Octávio Viana, que se apresenta como consultor financeiro e contabiliza que a Citizens’ Voice tem atualmente 18 colaboradores e “mais de 1.500 associados portugueses”, assinala ainda ao ECO que “se algum dia uma providência deste género fosse concedida, seria o fim da democracia e da liberdade de expressão – cujo recurso teria de ser o Tribunal Europeu dos Direitos Humanos”.
As informações que o Pingo Doce quer proibir são objetivas, lícitas, verdadeiras e completas sobre ações populares publicadas pela nossa organização. Trata-se de conteúdo puramente informativo com o objetivo de educar os consumidores sobre os seus direitos, especificamente no que se refere a ações coletivas.

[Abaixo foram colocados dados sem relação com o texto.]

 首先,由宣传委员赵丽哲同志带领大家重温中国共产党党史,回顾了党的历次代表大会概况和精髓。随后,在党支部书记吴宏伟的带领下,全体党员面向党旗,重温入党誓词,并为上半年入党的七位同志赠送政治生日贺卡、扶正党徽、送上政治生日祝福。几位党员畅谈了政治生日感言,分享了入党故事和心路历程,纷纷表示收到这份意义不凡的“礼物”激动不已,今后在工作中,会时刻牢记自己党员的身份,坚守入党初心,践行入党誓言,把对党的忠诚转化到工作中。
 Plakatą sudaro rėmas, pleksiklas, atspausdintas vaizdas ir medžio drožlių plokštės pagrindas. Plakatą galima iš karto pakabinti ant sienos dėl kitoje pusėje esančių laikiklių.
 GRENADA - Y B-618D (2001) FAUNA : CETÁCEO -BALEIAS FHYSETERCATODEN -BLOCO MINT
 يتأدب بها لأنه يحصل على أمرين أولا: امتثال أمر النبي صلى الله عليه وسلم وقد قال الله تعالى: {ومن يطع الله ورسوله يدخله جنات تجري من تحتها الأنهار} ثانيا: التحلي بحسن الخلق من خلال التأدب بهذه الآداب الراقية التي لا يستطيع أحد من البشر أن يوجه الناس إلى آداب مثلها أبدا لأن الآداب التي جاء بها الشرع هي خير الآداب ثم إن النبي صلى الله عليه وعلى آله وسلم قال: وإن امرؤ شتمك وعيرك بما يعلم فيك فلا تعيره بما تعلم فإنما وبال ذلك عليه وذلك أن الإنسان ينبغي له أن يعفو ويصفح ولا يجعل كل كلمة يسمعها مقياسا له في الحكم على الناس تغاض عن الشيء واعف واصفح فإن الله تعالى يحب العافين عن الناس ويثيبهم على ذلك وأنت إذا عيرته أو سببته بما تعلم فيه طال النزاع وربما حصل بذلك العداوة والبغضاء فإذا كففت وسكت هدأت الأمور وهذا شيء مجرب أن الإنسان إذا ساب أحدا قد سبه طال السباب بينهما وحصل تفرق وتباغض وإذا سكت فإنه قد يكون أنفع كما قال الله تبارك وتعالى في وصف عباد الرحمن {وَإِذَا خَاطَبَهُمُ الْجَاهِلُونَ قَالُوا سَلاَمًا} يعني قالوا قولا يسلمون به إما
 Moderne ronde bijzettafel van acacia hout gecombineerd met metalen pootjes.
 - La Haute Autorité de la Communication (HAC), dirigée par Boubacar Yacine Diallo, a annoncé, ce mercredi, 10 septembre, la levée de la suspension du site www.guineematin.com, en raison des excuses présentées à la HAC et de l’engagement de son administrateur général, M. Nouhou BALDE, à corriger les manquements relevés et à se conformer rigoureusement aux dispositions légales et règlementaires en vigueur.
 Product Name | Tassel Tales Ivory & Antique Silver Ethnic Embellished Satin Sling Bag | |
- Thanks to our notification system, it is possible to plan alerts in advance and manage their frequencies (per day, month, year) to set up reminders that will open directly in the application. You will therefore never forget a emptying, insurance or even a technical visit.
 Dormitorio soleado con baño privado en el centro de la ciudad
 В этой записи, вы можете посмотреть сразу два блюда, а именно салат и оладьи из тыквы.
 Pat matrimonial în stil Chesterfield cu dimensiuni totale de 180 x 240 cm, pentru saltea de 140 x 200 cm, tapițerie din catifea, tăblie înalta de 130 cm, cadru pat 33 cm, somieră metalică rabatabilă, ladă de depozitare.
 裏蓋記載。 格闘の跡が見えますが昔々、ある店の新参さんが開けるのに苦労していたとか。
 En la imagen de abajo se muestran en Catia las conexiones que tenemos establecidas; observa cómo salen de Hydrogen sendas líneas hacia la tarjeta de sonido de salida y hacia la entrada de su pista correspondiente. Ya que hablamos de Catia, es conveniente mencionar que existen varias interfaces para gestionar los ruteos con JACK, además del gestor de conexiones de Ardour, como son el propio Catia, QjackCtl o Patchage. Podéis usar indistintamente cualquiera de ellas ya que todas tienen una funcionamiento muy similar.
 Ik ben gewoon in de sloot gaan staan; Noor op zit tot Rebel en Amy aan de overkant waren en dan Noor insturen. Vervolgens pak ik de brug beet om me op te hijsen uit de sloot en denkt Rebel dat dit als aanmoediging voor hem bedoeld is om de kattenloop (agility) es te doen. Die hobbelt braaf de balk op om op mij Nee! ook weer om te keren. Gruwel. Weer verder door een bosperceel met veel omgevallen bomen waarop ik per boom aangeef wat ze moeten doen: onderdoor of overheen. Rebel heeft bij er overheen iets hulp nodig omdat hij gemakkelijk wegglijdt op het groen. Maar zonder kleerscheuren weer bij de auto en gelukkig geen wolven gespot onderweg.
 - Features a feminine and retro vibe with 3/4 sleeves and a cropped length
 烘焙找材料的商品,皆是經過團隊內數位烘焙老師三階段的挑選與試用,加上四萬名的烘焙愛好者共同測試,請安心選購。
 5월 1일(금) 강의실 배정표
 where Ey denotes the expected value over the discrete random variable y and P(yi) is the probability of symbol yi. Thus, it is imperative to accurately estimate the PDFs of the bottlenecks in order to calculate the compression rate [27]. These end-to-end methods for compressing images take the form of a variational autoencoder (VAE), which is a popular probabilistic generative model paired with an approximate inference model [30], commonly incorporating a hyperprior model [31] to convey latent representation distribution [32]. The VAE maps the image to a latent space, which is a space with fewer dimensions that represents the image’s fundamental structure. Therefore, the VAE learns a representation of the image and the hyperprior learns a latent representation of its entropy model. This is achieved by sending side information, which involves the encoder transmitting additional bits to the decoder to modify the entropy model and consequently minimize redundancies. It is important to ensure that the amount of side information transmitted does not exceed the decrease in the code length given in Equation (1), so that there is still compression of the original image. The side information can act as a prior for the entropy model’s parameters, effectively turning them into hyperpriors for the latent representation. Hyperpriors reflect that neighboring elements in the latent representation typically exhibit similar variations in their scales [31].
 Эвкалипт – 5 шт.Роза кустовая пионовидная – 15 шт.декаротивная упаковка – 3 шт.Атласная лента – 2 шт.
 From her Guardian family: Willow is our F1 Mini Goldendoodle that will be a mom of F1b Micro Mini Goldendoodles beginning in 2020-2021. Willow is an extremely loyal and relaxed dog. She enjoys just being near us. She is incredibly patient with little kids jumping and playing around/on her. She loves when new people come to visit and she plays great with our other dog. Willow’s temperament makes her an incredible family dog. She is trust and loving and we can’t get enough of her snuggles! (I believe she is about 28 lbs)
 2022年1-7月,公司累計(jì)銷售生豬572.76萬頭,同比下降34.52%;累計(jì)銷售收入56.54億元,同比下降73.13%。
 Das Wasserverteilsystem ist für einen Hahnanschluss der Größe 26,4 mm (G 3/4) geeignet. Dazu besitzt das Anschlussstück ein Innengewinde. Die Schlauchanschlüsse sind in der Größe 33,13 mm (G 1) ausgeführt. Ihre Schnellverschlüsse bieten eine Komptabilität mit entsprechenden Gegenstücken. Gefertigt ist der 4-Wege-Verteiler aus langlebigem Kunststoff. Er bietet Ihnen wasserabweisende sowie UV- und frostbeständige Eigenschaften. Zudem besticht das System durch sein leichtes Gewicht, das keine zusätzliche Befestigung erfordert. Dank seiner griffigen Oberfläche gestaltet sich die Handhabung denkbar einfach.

“As informações que o Pingo Doce quer proibir são objetivas, lícitas, verdadeiras e completas sobre ações populares publicadas pela nossa organização. Trata-se de conteúdo puramente informativo com o objetivo de educar os consumidores sobre os seus direitos, especificamente no que se refere a ações coletivas. Não existe discurso de ódio, desinformação ou qualquer outro conteúdo que vá contra as melhores diretrizes quanto à liberdade de expressão e informação”, conclui.
A ação popular mais emblemática da Citizens’ Voice envolveu a Vodafone Portugal, com um acórdão do Supremo Tribunal de Justiça, com data de 2 de fevereiro de 2022, a obrigar a operadora de telecomunicações a restituir aos clientes os pagamentos que lhes tenham sido cobrados na sequência da ativação automática de serviços adicionais não solicitados. A revista Sábado noticiou que uma cliente de Coimbra foi a primeira – e a única, até ao final de julho – a executar a empresa no âmbito deste processo e a ser restituída dos valores exigidos em tribunal: recebeu 3.328,94 euros.
Já este ano, e depois de a ASAE – Autoridade de Segurança Alimentar e Económica ter decidido instaurar processos-crime contra gasolineiras por cobrarem impostos a mais, sete comercializadores de várias zonas do país foram levados a tribunal por alegados crimes de especulação.
Os processos – a decorrer em tribunais cíveis – incluem bombas com insígnias da Prio, Intermarché, Galp, Alves Bandeira e BP, e envolvem situações em que os contadores não começaram no zero, em que o valor do ISP foi adulterado e ainda publicidade enganosa.